+++ TASK INPUTS +++

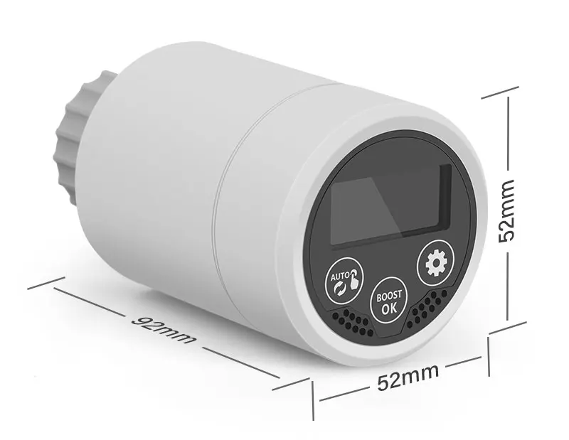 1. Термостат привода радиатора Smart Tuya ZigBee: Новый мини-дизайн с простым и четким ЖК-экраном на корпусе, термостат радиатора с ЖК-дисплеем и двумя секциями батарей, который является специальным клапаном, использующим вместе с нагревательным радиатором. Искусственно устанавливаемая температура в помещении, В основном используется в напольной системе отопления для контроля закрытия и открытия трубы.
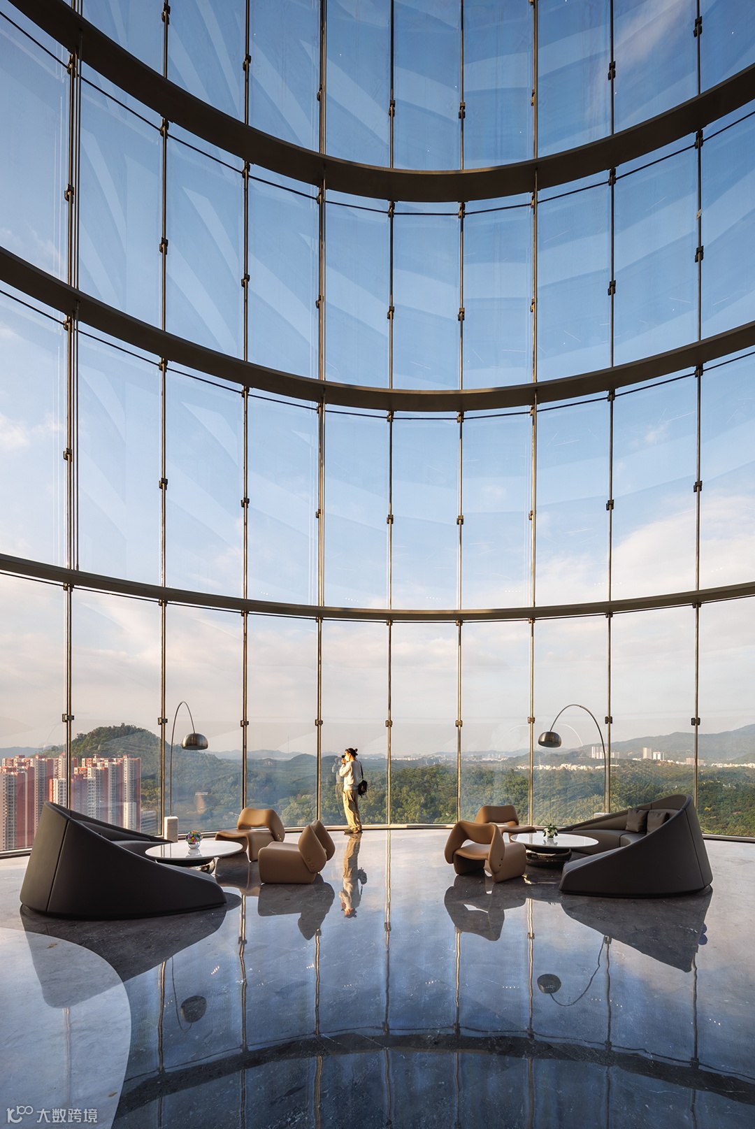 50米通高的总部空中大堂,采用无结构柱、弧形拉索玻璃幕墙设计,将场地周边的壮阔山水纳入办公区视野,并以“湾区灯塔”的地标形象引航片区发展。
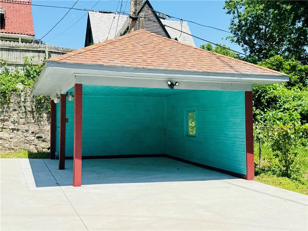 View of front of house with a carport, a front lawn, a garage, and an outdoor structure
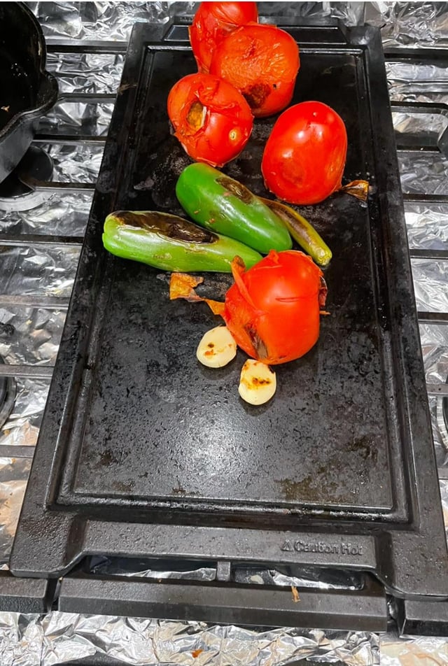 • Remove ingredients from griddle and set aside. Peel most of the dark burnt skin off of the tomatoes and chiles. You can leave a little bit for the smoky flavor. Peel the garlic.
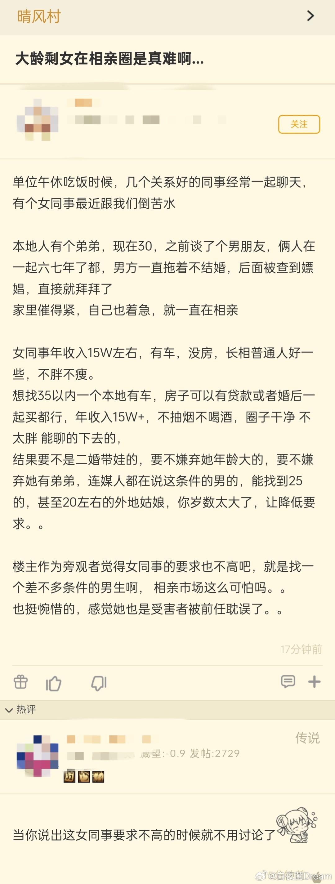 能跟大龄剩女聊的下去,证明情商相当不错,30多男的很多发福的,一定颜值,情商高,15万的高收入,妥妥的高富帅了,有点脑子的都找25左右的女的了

+++

WORK TO BE COMPLETED – Would you copy the lines from the one holding "View of front" down to the last line of the material, both included, exactly and with nothing added, skipping the pictures?

EXERCISE RESPONSE –
 View of front of house with a carport, a front lawn, a garage, and an outdoor structure
 • Remove ingredients from griddle and set aside. Peel most of the dark burnt skin off of the tomatoes and chiles. You can leave a little bit for the smoky flavor. Peel the garlic.
 能跟大龄剩女聊的下去,证明情商相当不错,30多男的很多发福的,一定颜值,情商高,15万的高收入,妥妥的高富帅了,有点脑子的都找25左右的女的了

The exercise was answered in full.